§ **About this task**:
Starting at the line that contains "Purple Benarasi Sari with a Green Border", write out each line through the end of the data below, exactly as it stands. Skip any pictures.

____ Records for the exercise

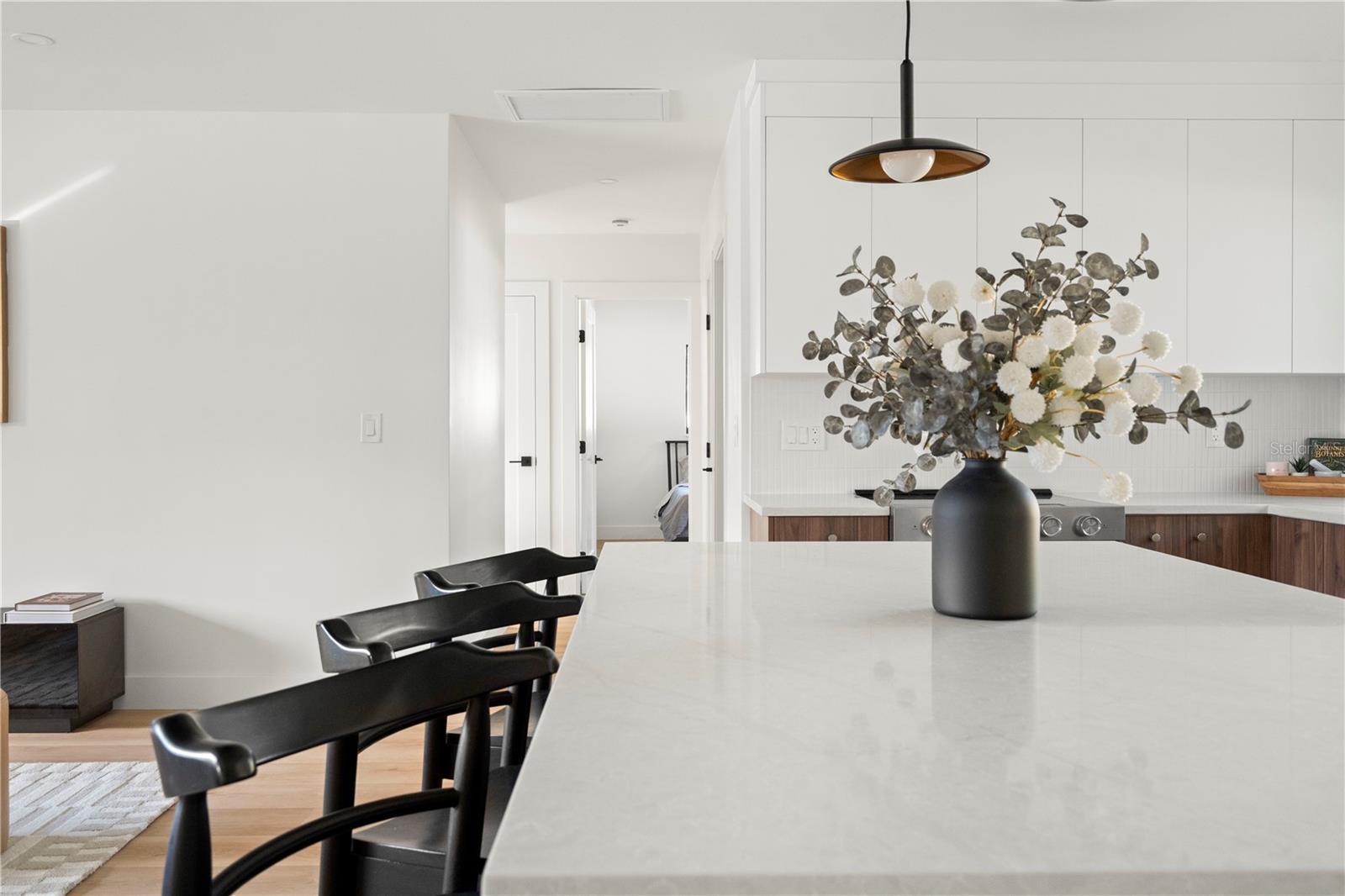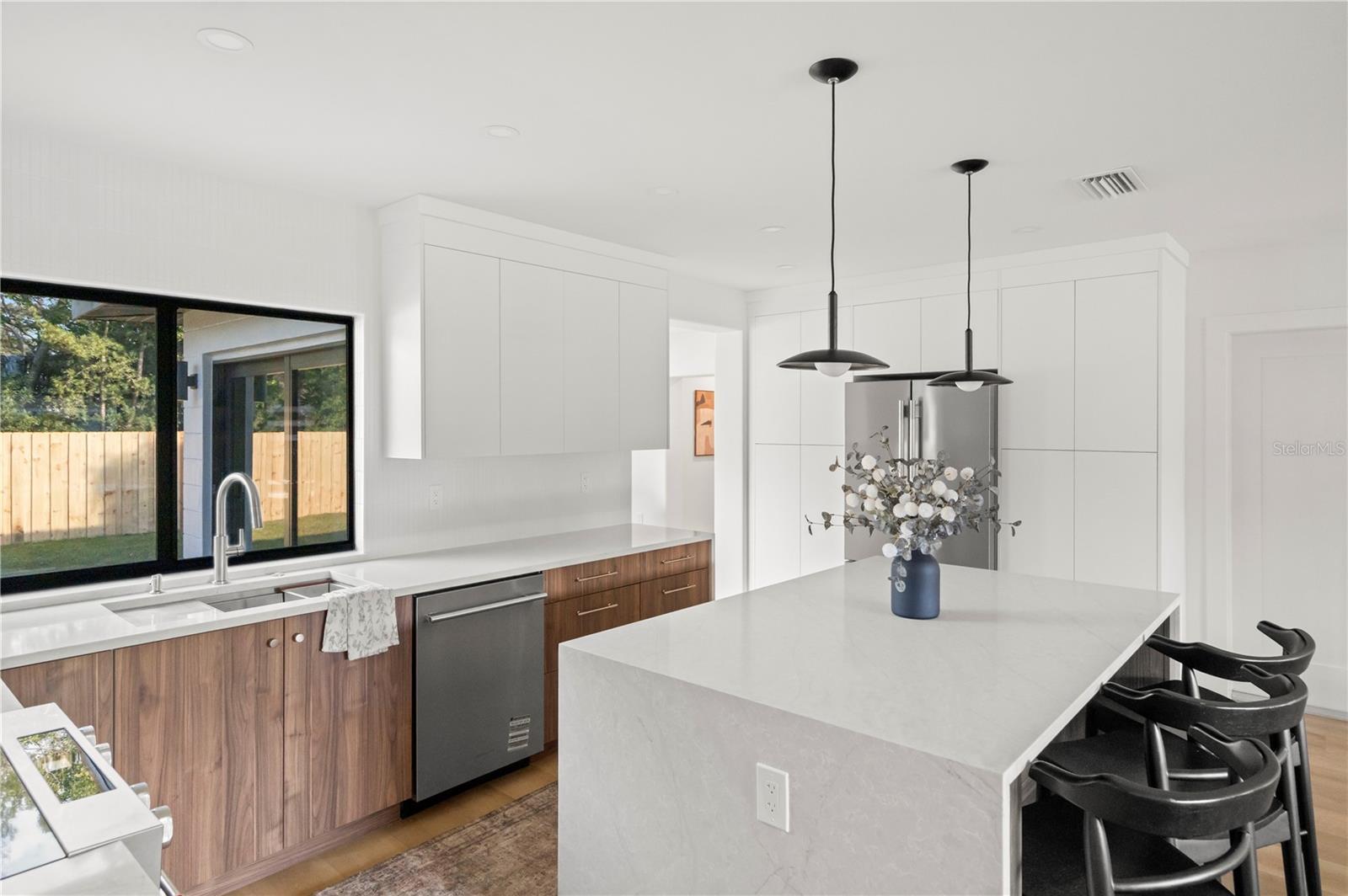Under contract-accepting backup offers. Welcome to this beautifully reimagined home right in the heart of Gulfport’s coveted Marina District. Sitting high and dry, this 3-bedroom, 2-bath home is not in a flood zone and was safe from both 2024 hurricanes. Having been renovated inside and out, it blends timeless mid-century modern design with today’s expectations for comfort, efficiency, and functionality. Just steps from the marina, dog park, and local pickleball courts, the location perfectly captures the Gulfport lifestyle. A quick bike ride brings you to the waterfront downtown area, while any given day is ideal for cycling the Pinellas Trail, enjoying live music and even better beer at Gulfport Brewery, dinner at Pia’s Trattoria, or coffee at Sumitra Espresso Lounge. With all that Gulfport has to offer, downtown St. Petersburg is just eight minutes away and the beaches are less than seven. Originally a 2-bedroom, 2-bath the home has undergone extensive renovations and a 231 square foot addition. This is as close to new construction you'll get in the area while still maintaining the charm and character Gulfport is all about. Clean lines, intentional flow, and abundant natural light define the interior. The open-concept kitchen anchors the home, seamlessly connecting the living and dining spaces for everyday living and entertaining. A built-in pantry surrounds the refrigerator, maximizing storage while maintaining a sleek, integrated look. Top-of-the-line KitchenAid appliances, level-8 quartz countertops, and two-tone cabinetry create a warm, modern palette that feels both elevated and inviting. The dining area comfortably accommodates an 80” table and six chairs, while expansive aluminum impact-rated windows give you maximum energy efficiency and peace of mind from any storm. From the kitchen and dining room, impact sliders open to a 30-foot deck overlooking a spacious backyard that is ideal for indoor-outdoor living and future pool potential. To scale backyard renderings have already been completed, making it easy to bring the vision to life. Out front, a covered porch with a tongue-and-groove cedar ceiling adds a welcoming architectural touch to the entry. These high-end details carry throughout including push-to-open cabinetry, fluted glass accents, and level-5 drywall. The primary bedroom is a true retreat, featuring custom built-in closets with automatic lighting, and a spa-like en-suite bath with dual vanities, a zero-entry shower with dual shower heads and wands, and an LED-lit niche. The third bedroom doubles beautifully as a home office with backyard views. The laundry room is fully built-out and includes generous counter space, a sink, and new Samsung washer and dryer. Beyond the finishes, the systems have been comprehensively updated: full re-wire and re-plumb, new electrical panel, brand-new architectural shingle roof plus TPO flat roof, a 2019 water heater with new conduit connections, new blown-in R-38 attic insulation, and all new air ducts, returns, and supplies. Outside, new sod, 40+ podocarpus hedges, fresh fencing, and thoughtfully designed plant beds provide privacy and curb appeal that perfectly complement the home’s modern character. This is a rare opportunity to own a truly turn-key, design-forward home in one of Gulfport’s most desirable neighborhoods—where lifestyle, location, craftsmanship, and peace of mind come together effortlessly. Opportunities like this don’t come along often in Gulfport. Schedule a tour today!
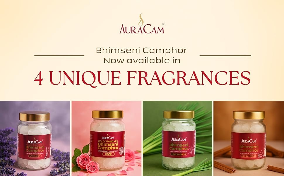 Experience a New Dimension of Calm with AuraCam Bhimseni Camphor. Harnessing the purity of traditional Bhimseni camphor and infusing it with nature’s most timeless scents, AuraCam introduces four uniquely crafted variants — Sandalwood, Lavender, Oudh, and Citrus. Each fragrance is thoughtfully blended to help you ground your energy, elevate your mood, and enrich your personal space with an aura of wellness. Whether you seek peace, clarity, or presence, let AuraCam accompany you with fragrance that feels as pure as it smells.
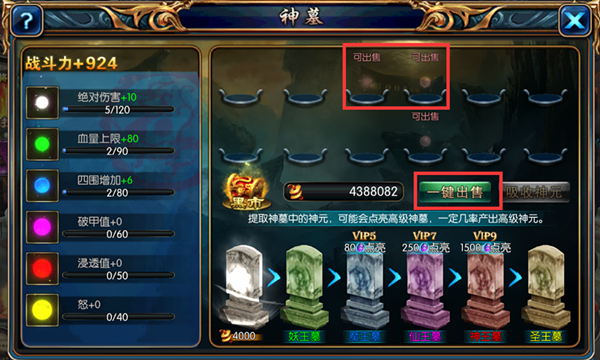 2.不是所有的神元都能够被吸收,这时则需要将不能被吸收的神元出售。点击“一键出售”之后可以得到出售神元的铜币收入并清空占位
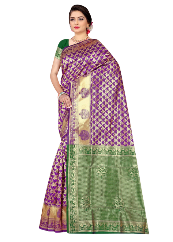 Purple Benarasi Sari with a Green Border
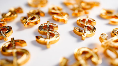 Sparkling gold jewelry shaped like a dollar symbol with glimmering rhinestones, delicately scattered on a pristine white background, exuding luxury an

________

§ **Result for this task**:
 Purple Benarasi Sari with a Green Border
 Sparkling gold jewelry shaped like a dollar symbol with glimmering rhinestones, delicately scattered on a pristine white background, exuding luxury an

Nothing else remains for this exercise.